> _Task to carry out_:
Given the entries below, would you transcribe exactly the lines starting at the one with "장바구니에 구매대행, 배송대행을" and ending at the one with "Pamiątka bierzmowania w", both kept, pictures omitted, nothing extra?

Records from a data source:

# # # # #

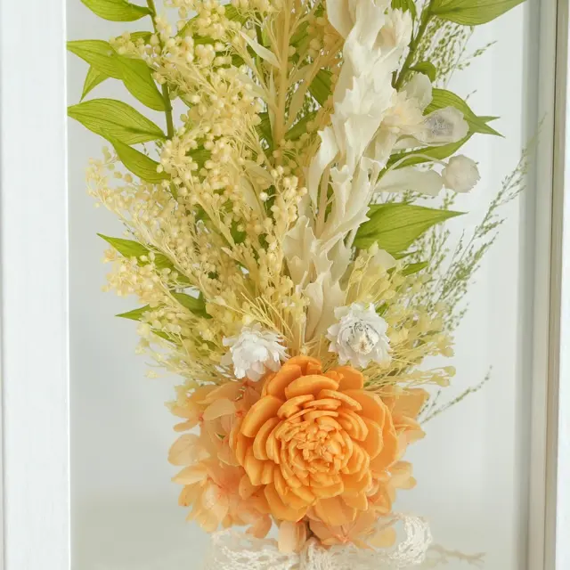 ヘリクリサムヘッド(ドライフラワー)、ラグラス(ドライフラワー)、オレンジスライス(ドライフラワー)、ミニギフトカード、エルビエウッドフレーム ほか
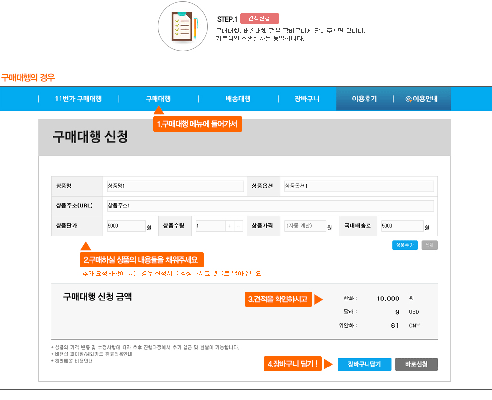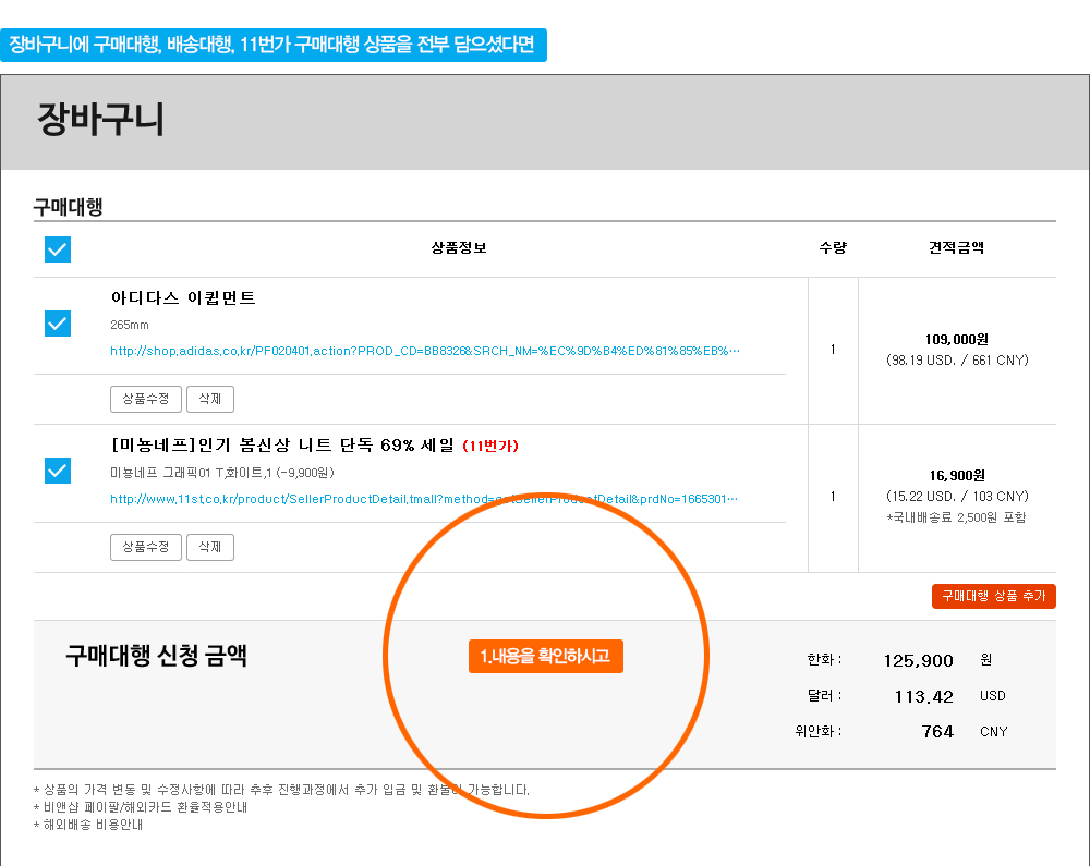 장바구니에 구매대행, 배송대행을
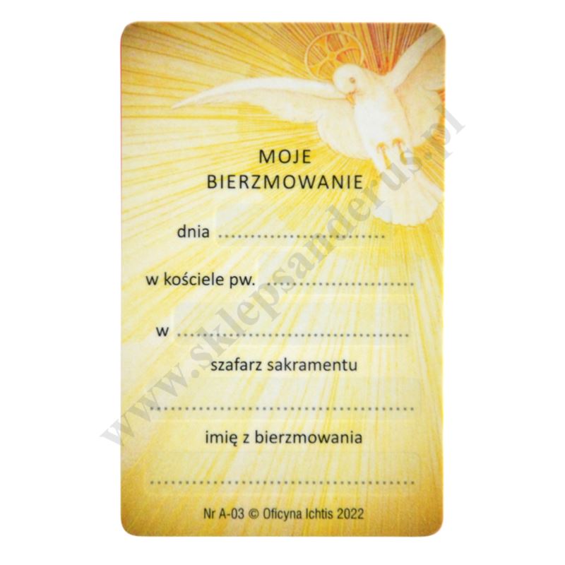 Pamiątka bierzmowania w postaci biznes karty w formacie 5.4 x 8.5 cm.
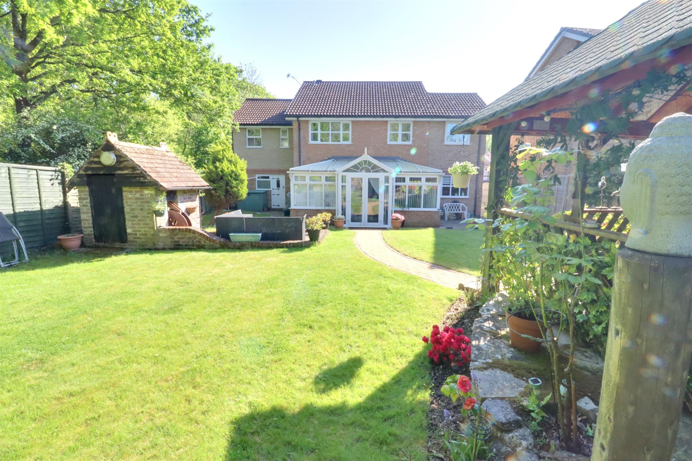 A significantly extended detached family home situated within a private cul-de-sac position with woods to the side, offering flexible accommodation of four/five bedrooms and three/four reception rooms. The accommodation comprises on the ground floor; porch, hall, study, downstairs WC, lounge, dining room, kitchen/breakfast room, utility room and conservatory. On the first floor there are four bedrooms and a further bedroom/studio reception room, en-suite to the master bedroom and bathroom.
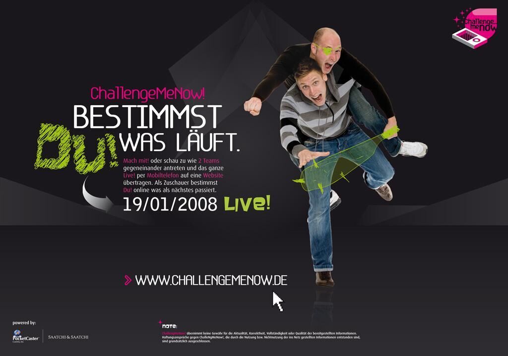 Wie kann man schon heute mobiles, interaktives Fernsehen möglich machen? Ganz einfach! Über die Inszenierung der ersten „Mobile Liveshow“, bei der zwei 2er-Teams mit ihren Kamerahandys live auf eine Website streamen. Der Clou: Die Zuschauer bestimmen über ein Voting auf der Website den Inhalt und Verlauf der Show. Begleitet werden sie dabei von zwei Online-Moderatoren.

# # # # #

> _Reply to the task_:
 장바구니에 구매대행, 배송대행을
 Pamiątka bierzmowania w postaci biznes karty w formacie 5.4 x 8.5 cm.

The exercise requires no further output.